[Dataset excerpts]
----------------

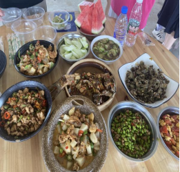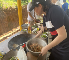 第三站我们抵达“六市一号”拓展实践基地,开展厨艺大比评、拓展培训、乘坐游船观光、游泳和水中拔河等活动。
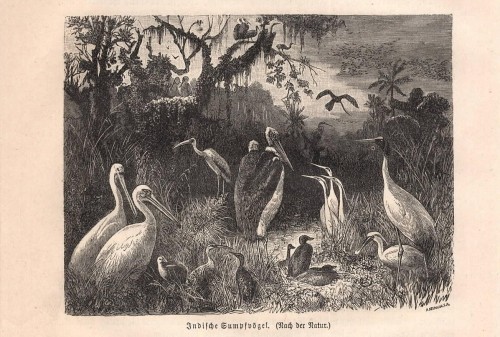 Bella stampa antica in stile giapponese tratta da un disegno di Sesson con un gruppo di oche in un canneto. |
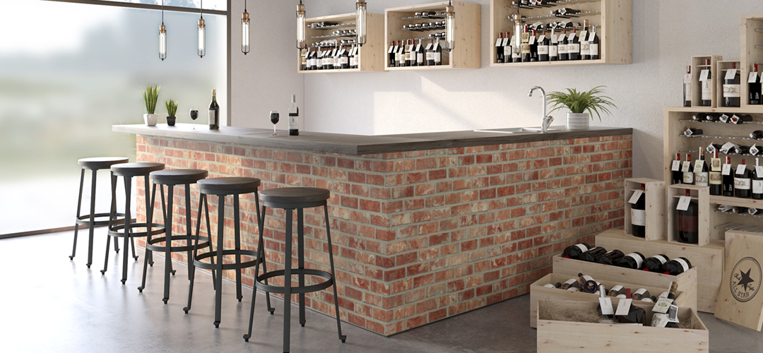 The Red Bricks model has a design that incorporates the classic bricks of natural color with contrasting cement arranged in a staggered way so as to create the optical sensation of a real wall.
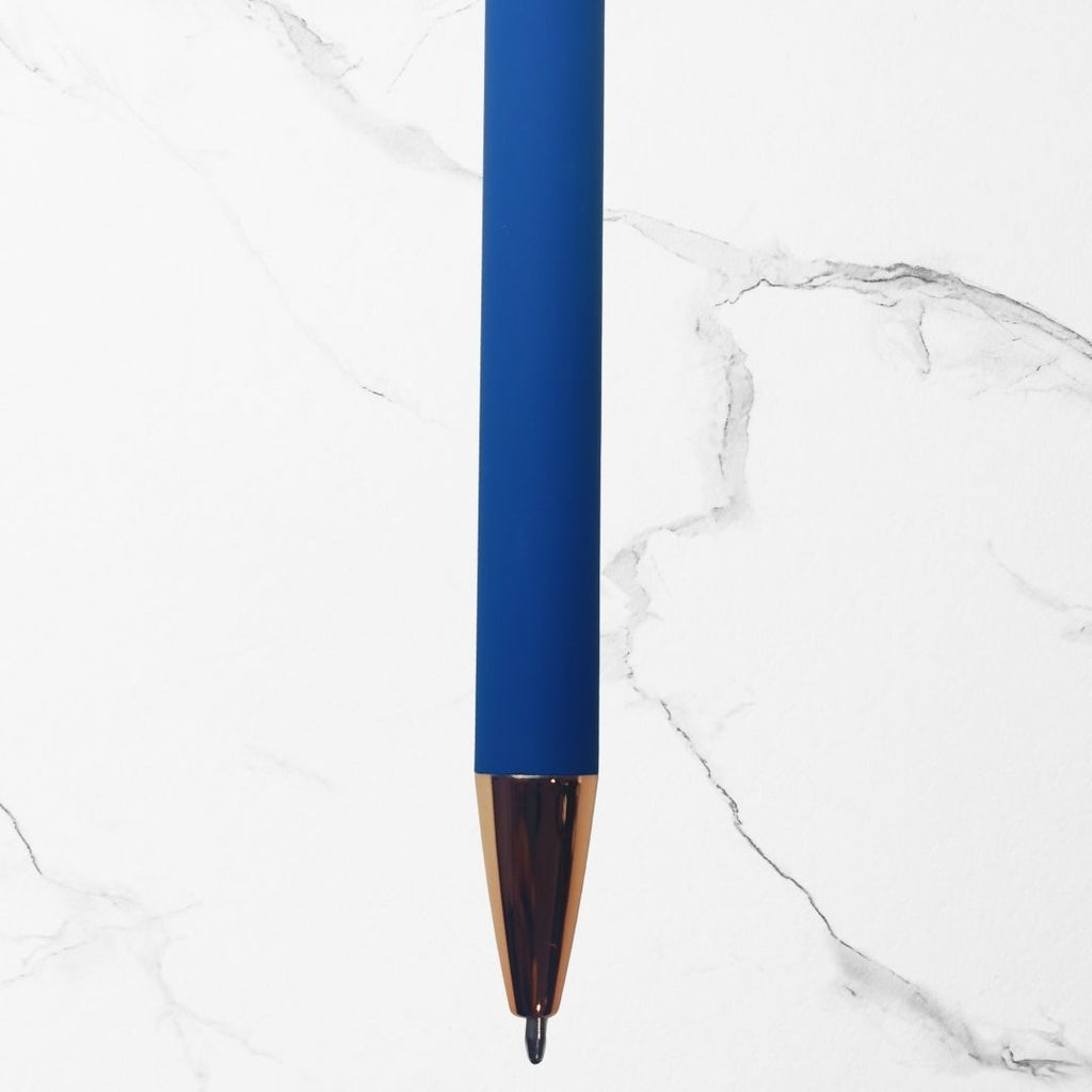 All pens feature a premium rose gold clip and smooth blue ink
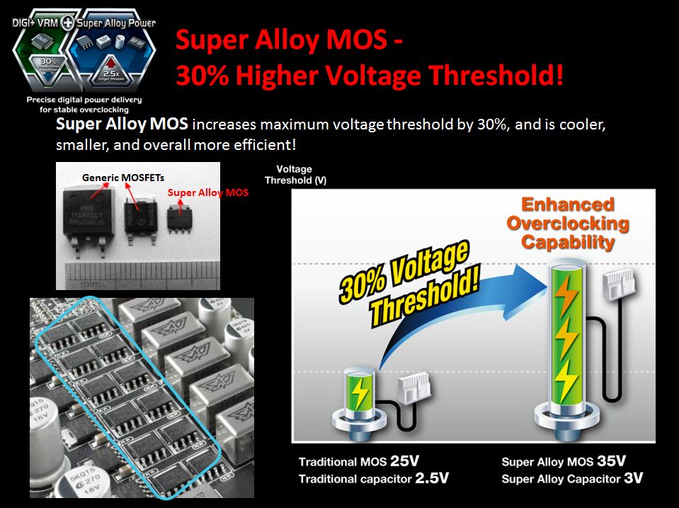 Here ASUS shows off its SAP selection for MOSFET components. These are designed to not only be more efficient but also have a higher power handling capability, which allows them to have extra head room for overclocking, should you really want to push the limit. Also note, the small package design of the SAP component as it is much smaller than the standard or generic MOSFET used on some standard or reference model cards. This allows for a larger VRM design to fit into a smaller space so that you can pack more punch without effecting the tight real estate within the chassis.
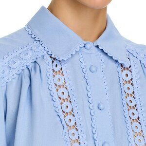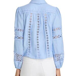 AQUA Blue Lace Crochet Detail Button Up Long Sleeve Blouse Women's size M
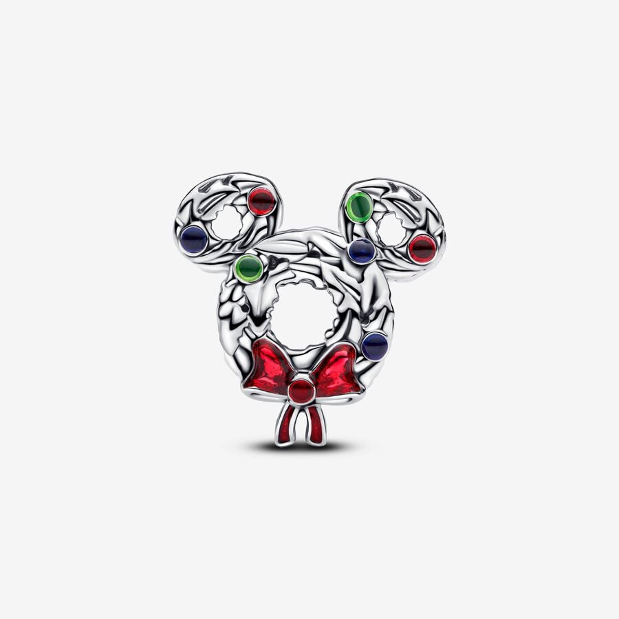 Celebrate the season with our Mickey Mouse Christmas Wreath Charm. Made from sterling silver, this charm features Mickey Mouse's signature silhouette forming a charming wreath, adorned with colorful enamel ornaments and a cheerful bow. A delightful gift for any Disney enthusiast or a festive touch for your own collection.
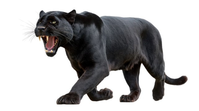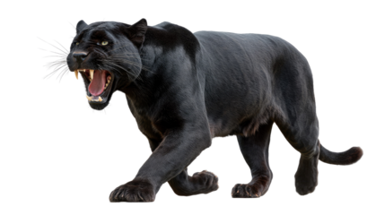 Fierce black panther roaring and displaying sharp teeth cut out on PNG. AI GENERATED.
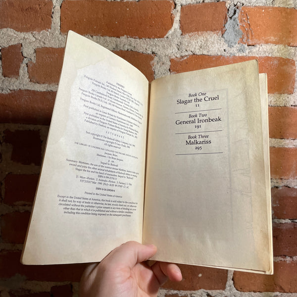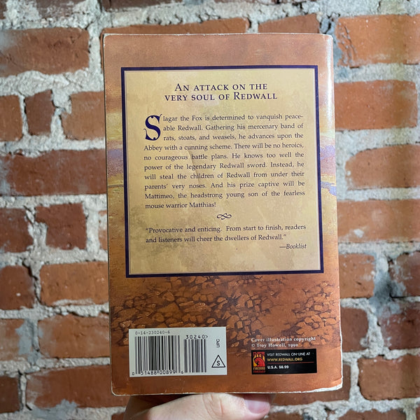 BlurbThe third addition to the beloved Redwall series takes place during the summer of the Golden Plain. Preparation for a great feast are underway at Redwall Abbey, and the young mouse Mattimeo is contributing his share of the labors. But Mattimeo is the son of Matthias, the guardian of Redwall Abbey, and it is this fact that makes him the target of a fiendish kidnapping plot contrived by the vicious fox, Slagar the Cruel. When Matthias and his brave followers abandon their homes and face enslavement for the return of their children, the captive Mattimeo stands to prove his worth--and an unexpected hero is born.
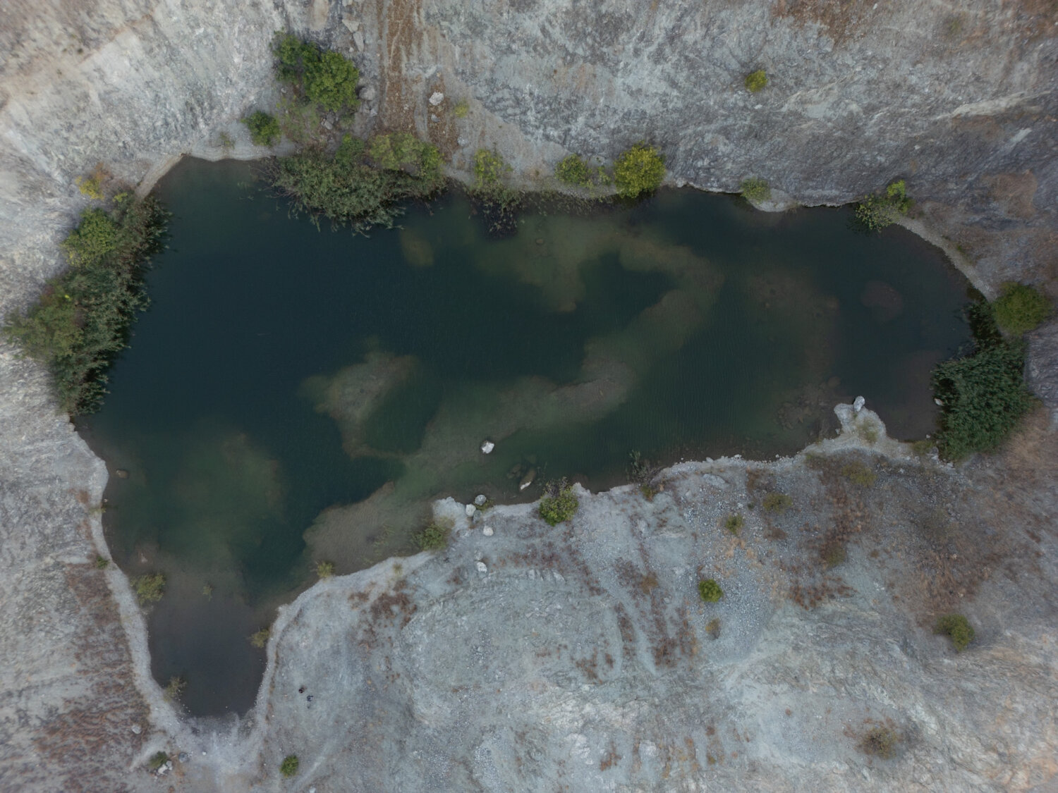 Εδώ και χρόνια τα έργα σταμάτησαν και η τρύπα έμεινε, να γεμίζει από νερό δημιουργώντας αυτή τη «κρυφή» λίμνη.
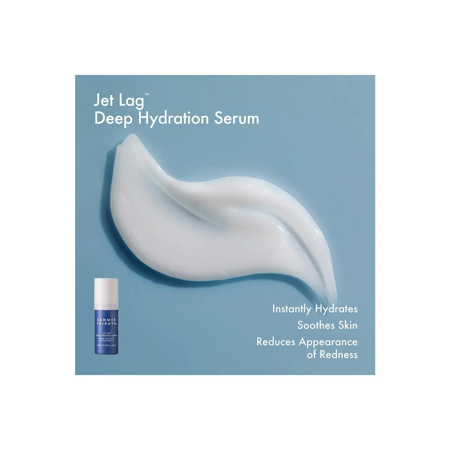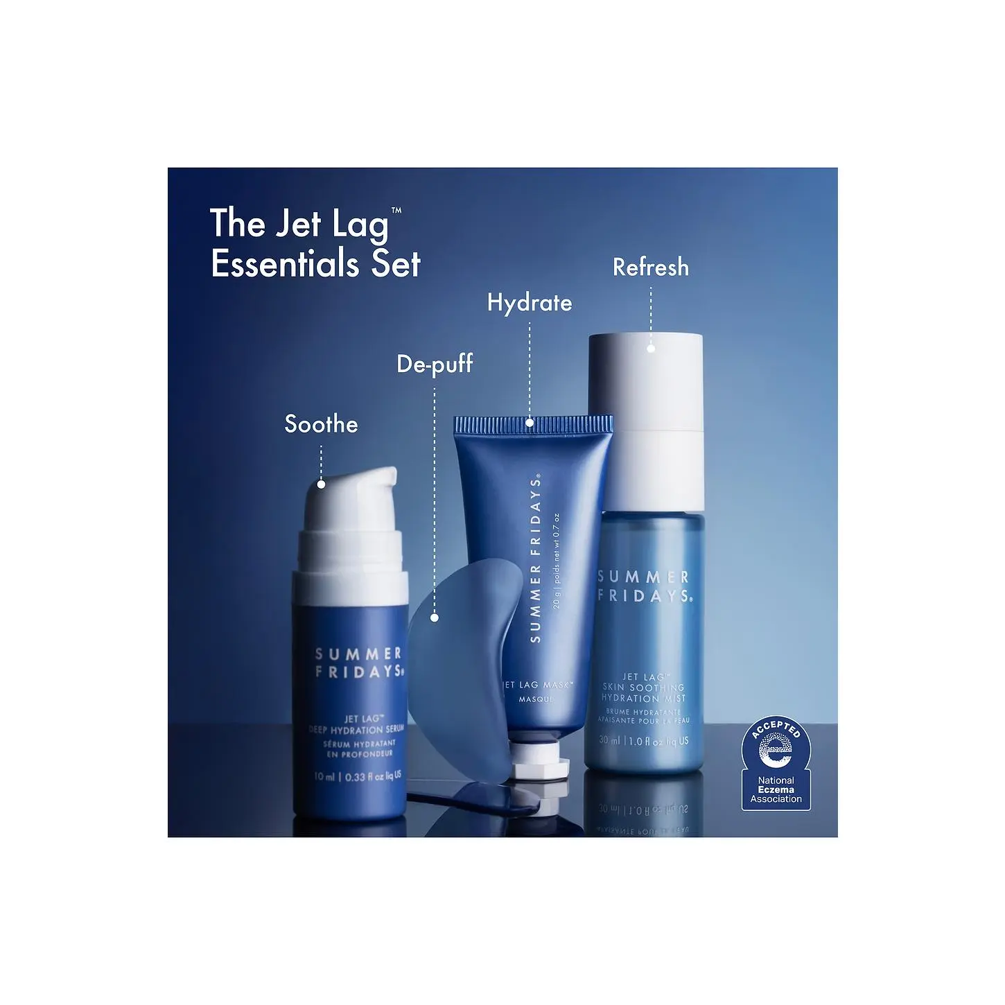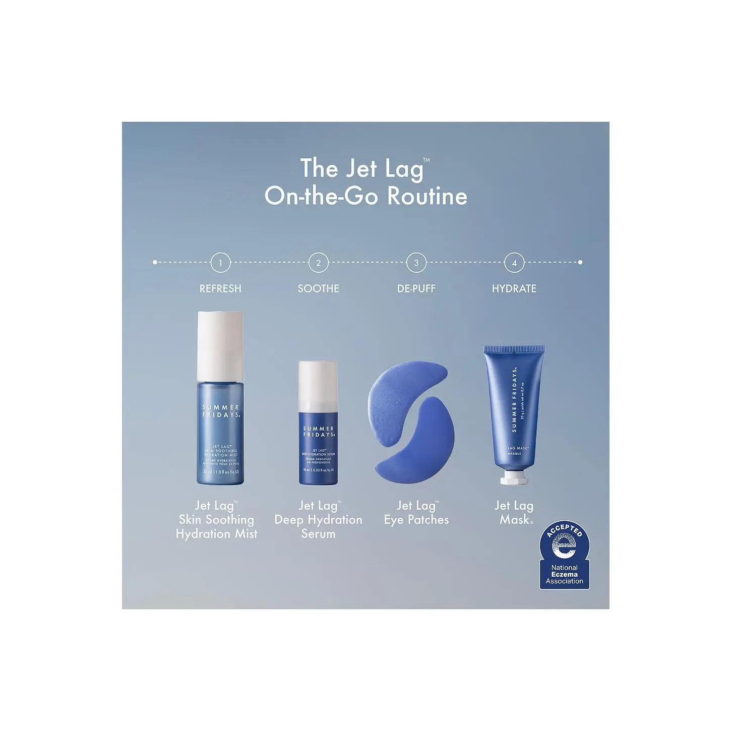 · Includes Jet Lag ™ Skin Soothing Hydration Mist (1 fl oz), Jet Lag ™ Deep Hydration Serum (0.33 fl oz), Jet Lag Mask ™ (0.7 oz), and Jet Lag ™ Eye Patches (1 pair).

----------------

Print the data exactly, from its first line to the line containing "AQUA Blue Lace", both included. Omit the pictures.

 第三站我们抵达“六市一号”拓展实践基地,开展厨艺大比评、拓展培训、乘坐游船观光、游泳和水中拔河等活动。
 Bella stampa antica in stile giapponese tratta da un disegno di Sesson con un gruppo di oche in un canneto. |
 The Red Bricks model has a design that incorporates the classic bricks of natural color with contrasting cement arranged in a staggered way so as to create the optical sensation of a real wall.
 All pens feature a premium rose gold clip and smooth blue ink
 Here ASUS shows off its SAP selection for MOSFET components. These are designed to not only be more efficient but also have a higher power handling capability, which allows them to have extra head room for overclocking, should you really want to push the limit. Also note, the small package design of the SAP component as it is much smaller than the standard or generic MOSFET used on some standard or reference model cards. This allows for a larger VRM design to fit into a smaller space so that you can pack more punch without effecting the tight real estate within the chassis.
 AQUA Blue Lace Crochet Detail Button Up Long Sleeve Blouse Women's size M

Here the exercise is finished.